Information shown:
╭──
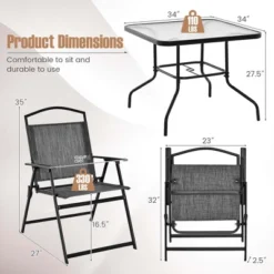 Costway Patio Dining Set For 4 Folding Chairs & Dining Table Set With Umbrella Hole
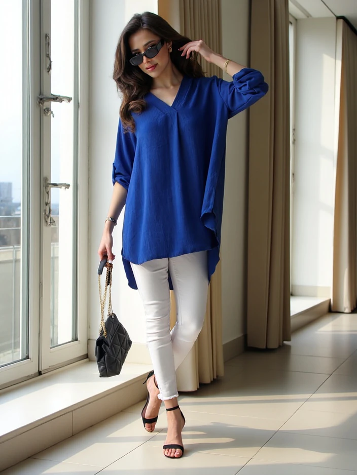 - Classic long women's oversized shirt made of pleasant fabric. It features a V-neck and long rolled-up sleeves. The simple cut ensures a fit for every figure! NOTE: Measurement accuracy (+/-) 1 cm.
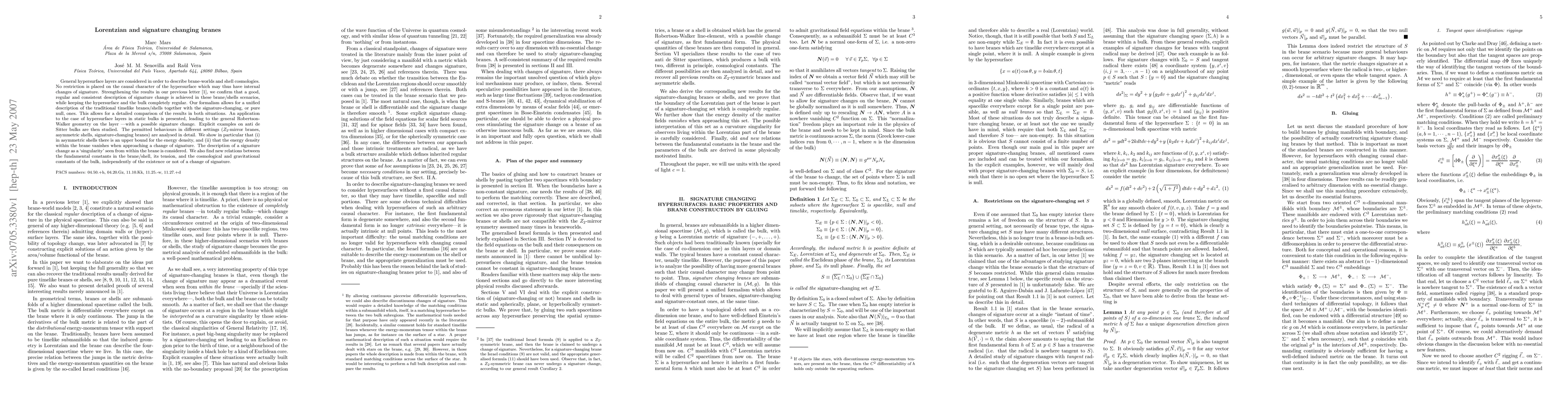 General hypersurface layers are considered in order to describe brane-worlds and shell cosmologies. No restriction is placed on the causal character of the hypersurface which may thus have internal changes of signature. Strengthening the results in our previous letter [1], we confirm that a good, regular and consistent description of signature change is achieved in these brane/shells scenarios, while keeping the hypersurface and the bulk completely regular. Our formalism allows for a unified description of the traditional timelike branes/shells together with the signature-changing, or pure null, ones. This allows for a detailed comparison of the results in both situations. An application to the case of hypersurface layers in static bulks is presented, leading to the general Robertson-Walker geometry on the layer --with a possible signature change. Explicit examples on anti de Sitter bulks are then studied. The permitted behaviours in different settings ($Z_{2}$-mirror branes, asymmetric shells, signature-changing branes) are analysed in detail. We show in particular that (i) in asymmetric shells there is an upper bound for the energy density, and (ii) that the energy density within the brane vanishes when approaching a change of signature. The description of a signature change as a `singularity' seen from within the brane is considered. We also find new relations between the fundamental constants in the brane/shell, its tension, and the cosmological and gravitational constants of the bulk, independently of the existence or not of a change of signature.
╰──
Exercise instructions: Your task is to reproduce exactly the lines from the start of the data above through the line containing "- Classic long", leaving every picture out.

Exercise result:
 Costway Patio Dining Set For 4 Folding Chairs & Dining Table Set With Umbrella Hole
 - Classic long women's oversized shirt made of pleasant fabric. It features a V-neck and long rolled-up sleeves. The simple cut ensures a fit for every figure! NOTE: Measurement accuracy (+/-) 1 cm.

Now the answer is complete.